Vasadze additionally condemned liberalism for its universalist character, instead elaborating the peculiar character of every individual nation. According to him, the attempts to impose the liberal democracy on the Middle Eastern countries have exposed its shortcomings. He also expressed the scepticism towards democracy in general, saying that "not everything can be put to a vote or defended by one". Vasadze supported the restoration of monarchy and the bind between the state and religion, condemning liberalism for treating religion as an "artifact in the museum" which needs to be "isolated and visited only on Christmas". Vasadze has additionally attacked economic liberalism and monetarism.

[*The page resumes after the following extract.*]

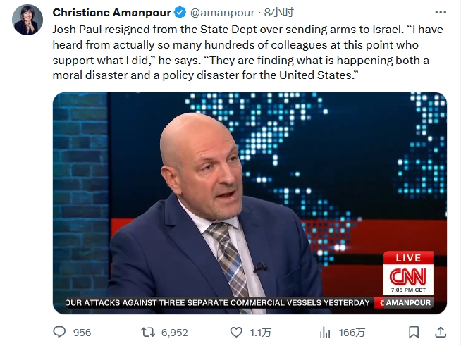 (觀察者網訊)大約兩個月前,負責監督武器轉讓的時任美國國務院關鍵高官喬希·保羅(Josh Paul)宣佈辭職。他當時在公開信中表示,自己“無法承受因軍援以色列產生的道德妥協”,並尖鋭批評美國政府的軍援決定具有“破壞性、短視、不公正”。

Vasadze is a close friend of Eurasianist philosopher Aleksandr Dugin. Following Dugin, he has described fascism, communism and liberalism as "three totalitarian ideologies" of modern era, with the fascism being based upon the "supremacy of the race", communism being based upon the "supremacy of the class" and liberalism upon the "supremacy of the Cartesian individual". He suggested that the liberalism is following the path of the former two and called for "defeating the supremacy of the individual" just as the notions of supremacy of the race or class were defeated.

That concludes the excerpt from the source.